Мелодия Бесконечности. Симфония чувств
Шрифт:
На соседней кровати мирно спали, посапывая маленькими носиками, близнецы Диана и Катрин - даже не имея возможности видеть, он мог ощущать их присутствие, их дыхание, их запах... Он поцеловал дочерей в маленькие лобики, они тревожно вздрогнули:
– Тише, тише, милые, - он приложил палец к губам, как будто они могли его понять, - мы же не хотим разбудить маму? Маме нужно отдохнуть, - словно, вняв его словам, девочки продолжили спокойно спать, он ещё некоторое время посидел на кровати рядом с Маргаритой, потом поднялся и прошел в соседнюю спальню, отделенную аркой.
Там на двухъярусной кровати спали Алишер и Рози:
– Сладких снов, принцесса, - провел он рукой
– мальчик протянул ручки и пролепетал что-то невнятно напоминающее "ата" (с тюркского - "отец"), хотя Джон был уверен, что ему послышалось "папа", он поцеловал младшего сына и подошел к раскрытому окну: каждый вдох давался с большим трудом, он убрал с лица выбившиеся из хвоста волосы и снял очки - прохладный ветер немного остудил воспаленные глаза, в которых теперь навсегда поселилась ночь, но, боль всё равно не уходила... нет, к ощущению боли в глазах он уже успел привыкнуть… это болело сердце. Он чувствовал себя так мерзко, он презирал и ненавидел себя за то, что вынужден так поступить, за свое бессилие что-либо изменить. А сердце продолжало болеть с такой силой, что на мгновение ему стало страшно от мысли, что он закончит так же, как и его отец, только гораздо раньше. Любопытно - умирать повторно так же мучительно, как и в первый раз? Если бы он мог задушить память и заставить замолчать сердце... Он не сдержал своих клятв... Он предал тех, кого любил больше всего, без кого не представлял своей жизни... он солгал им... И боль всё не унималась, пекущим цветком расцветая в груди.

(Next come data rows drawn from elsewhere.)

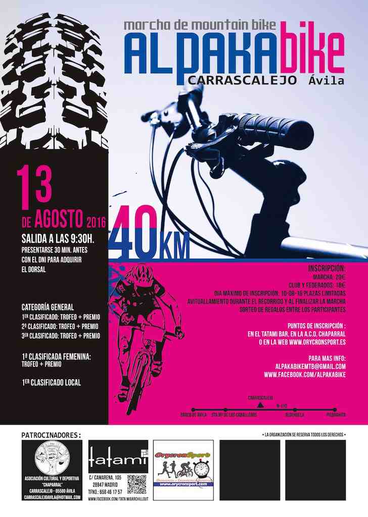 Las inscripciones se pueden realizar a través de https://orycronsport.es/marcha-mtb-alpakabike/ hasta la medianoche de hoy y presencialmente en A.C.D. Chaparral (Plaza del Pueblo, Carrascalejo) hasta el mismo día de la carrera hasta las 9:00. El precio es de 20 euros, que se reduce a 18 para los clubes y federados.
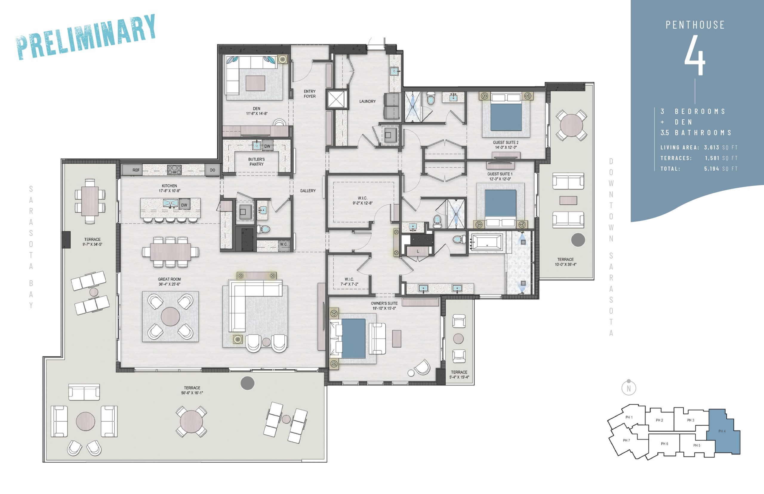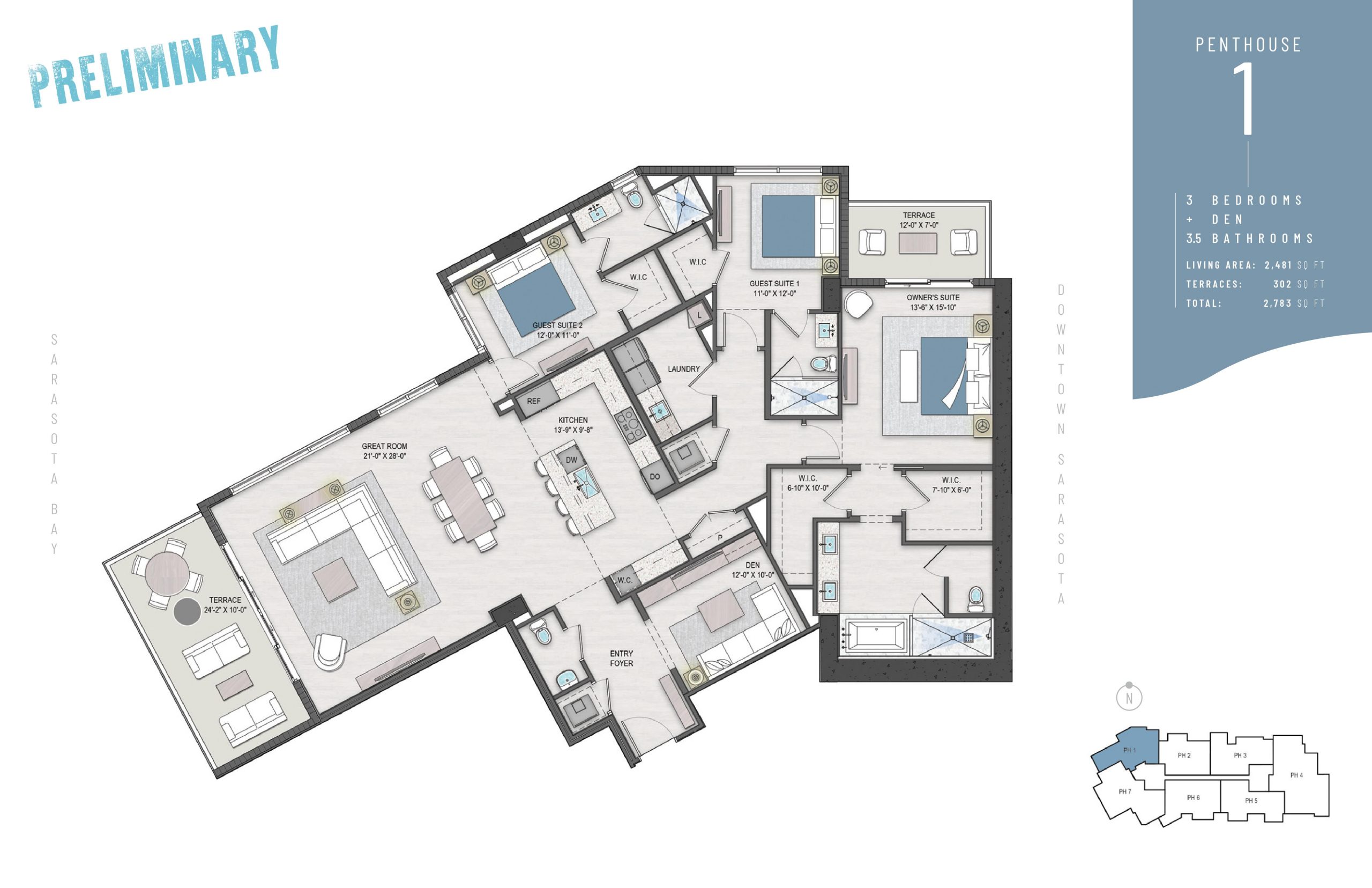 Each floor plan is unique with 12-foot ceilings and multiple terraces. Just imagine living in Penthouse 4 with 1,581 square feet of terrace space looking North, East, and South – and at two different marinas. Perhaps you only want 2 bedrooms with extra walk-in closets. In that case, the creative floorplan of PH6 may be the perfect solution. No matter what you desire, Bayso Sarasota offers a Penthouse for every discerning buyer.
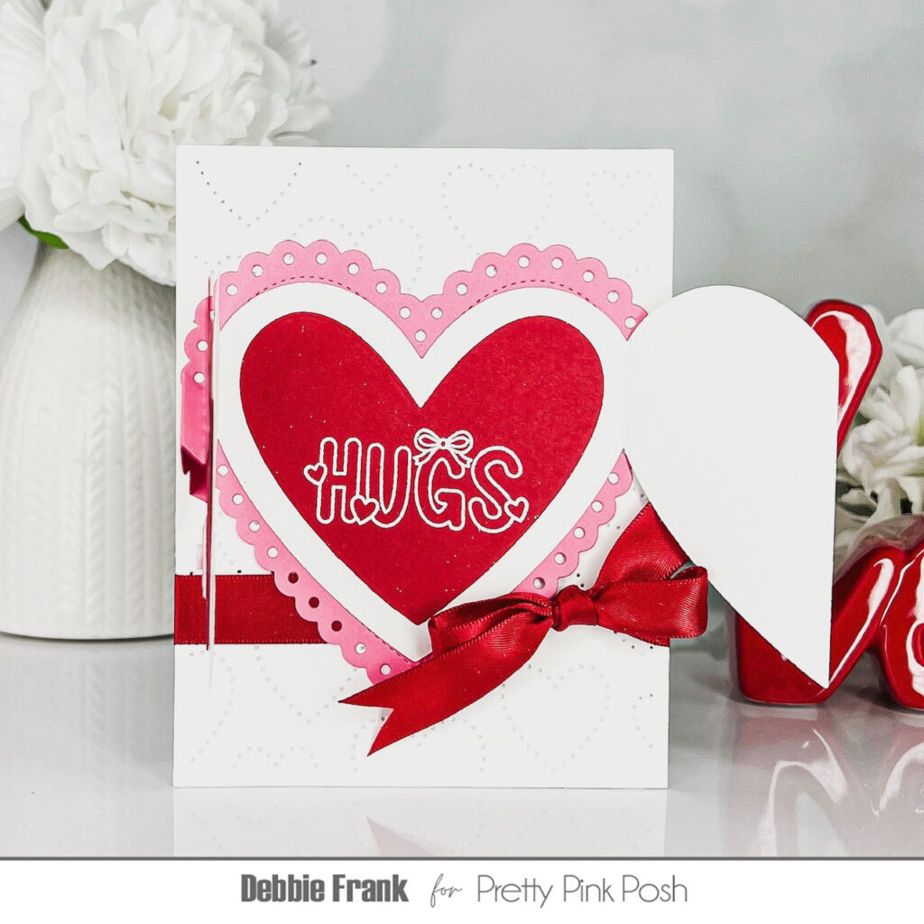 I then die-cut another inner heart die piece to attach on the inside of the card base for my sentiment. But first with the Valentine Word Scene stamp set I stamped and white heat embossed the “HUGS” and attached to the inside of the Heart Card Base.
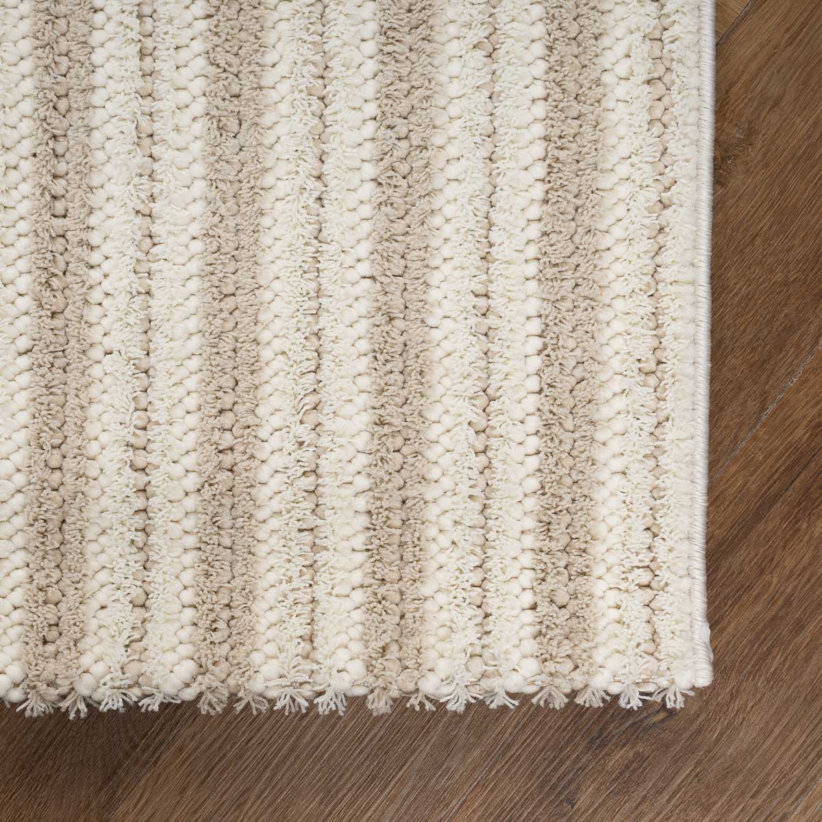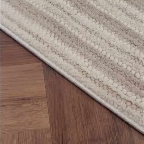 טיפ עיצובי: שטיח הטאץ' בז'-קרם נראה נפלא לצד וילונות פשתן בהירים, ספות בגוון אבן או אפור בהיר, ואלמנטים של עץ אלון טבעי.
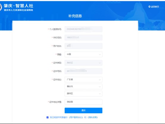 系统自动跳转到以下页面,补充“证件地址”信息后,点击“提交”如下所示:

Больше всего на свете он боялся потерять тех, кого любил, и именно это сейчас и происходило...
Есть один порок у счастья - слишком жаль его терять... Он был счастлив - это самое главное, эти прекрасные воспоминания сильнее страха и боли...
Джон заглянул и в другие комнаты, где спали его мать, сестра и брат, златовласая и маленькая японка, ожесточенно сцепив пальцы, напряженно сомкнув отяжелевшие опухшие веки, ежеминутно борясь с острейшей потребностью разбудить их всех и кинуться в их объятия.
Обернусь я человеком,
Да вернусь к себе домой
Да возьму тебя на ручки,
Мой хороший, мой родной.
Обернусь я белой кошкой,
Да залезу в колыбель
Я к тебе, мой милый крошка,
Буду я твой менестрель.
Буду я сидеть в твоей колыбели,
Да петь колыбельныя,
Чтобы колокольчики звенели,
Цвели цветы хмельныя.
На обратном пути он вытащил из кармана своего плаща сложенный вчетверо листок бумаги, вложил записку в карман рубашки спящего Марка, положил руку ему на плечо, пошептав "Прошу, не подведи меня", и, держась руками за стены, вышел из комнаты.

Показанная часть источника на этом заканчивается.